Summary of Scene Four

 

Mother Courage waits outside the tent of the Catholic forces to complain to an officer about her treatment.

 

The clerk warns her not to complain. She was hiding a Protestant paymaster in her wagon. She declares her innocence, saying they tore her wagon to shreds and made her pay a fine. He replies she should keep her mouth shut. They only let her go because they need canteens. She insists on speaking to the Captain.

 

While she waits an angry soldier comes in to complain also. He is angry because the Captain took his reward money and spent it on drink. He swam the river and saved the Colonel’s horse, and now he wants his reward. Mother Courage defends the man’s right to his reward but tries to calm him down. He says he is hungry, but she points out his troops trampled the crops in the field. He says he will not stand for injustice, and she asks him “How long won’t you stand for injustice?” (p. 66). Once he is put in the stocks, she says, he will cool off. He would need a very long rage to sustain his sense of injustice. She sings him “The Song of the Great Capitulation” about her youth when she believed she “was a special case” (p. 67). She thought she was the master of her fate, but then experience taught her to march with the rest.

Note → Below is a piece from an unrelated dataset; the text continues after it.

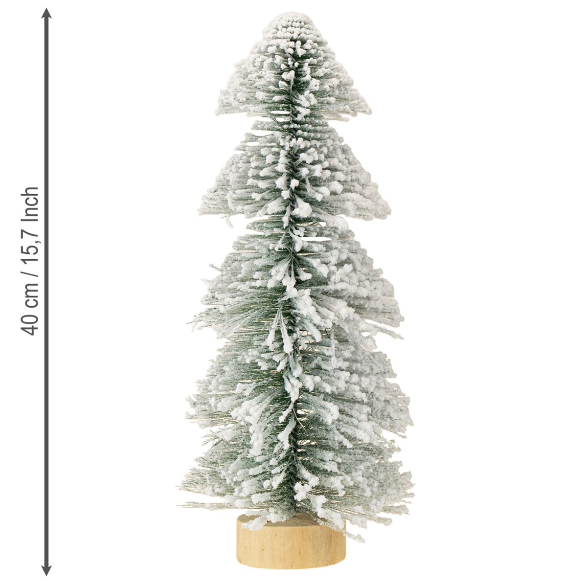 Produktname: LED Weihnachtsbaum Mini 40 cm Beschneit mit Holzsockel für Winterdeko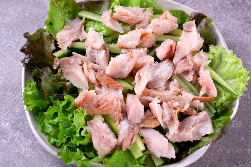 Салат с кларией сома горячего копчения, огурцом и листьями салата, заправленный лимонным соком, соевым соусом, медом и оливковым маслом

Now she tells the wisdom she learned: we make friends; we scratch each other’s backs; we don’t stick our necks out. The soldier walks out the door without complaining, and so does Mother Courage.

 

Commentary on Scene Four

 

Mother Courage remembers what she has learned so far and talks herself and the soldier out of filing a complaint. Better to march with the rest. This scene completes the former scene where Mother Courage demonstrated her ways of capitulation. She was so afraid of not making a buck that she speculated on her own son’s life. Her song shows us how she got to this place where she has become a hardened person, playing the game with everyone else: you have your contacts, you do favors so you can ask favors, and you do not stick out your neck.  This is the world’s wisdom, learned through experience. The scene implies that only the young and uninitiated can afford to have rights, see injustice, or absolute right and wrong. As one travels the road of life, one must sing the song of capitulation, giving in to the way it is. Ideals do not take you through life, as her children, Swiss Cheese and Kattrin prove. Mother Courage survives only because of her toughness, born of long disillusionment and a constant capitulation.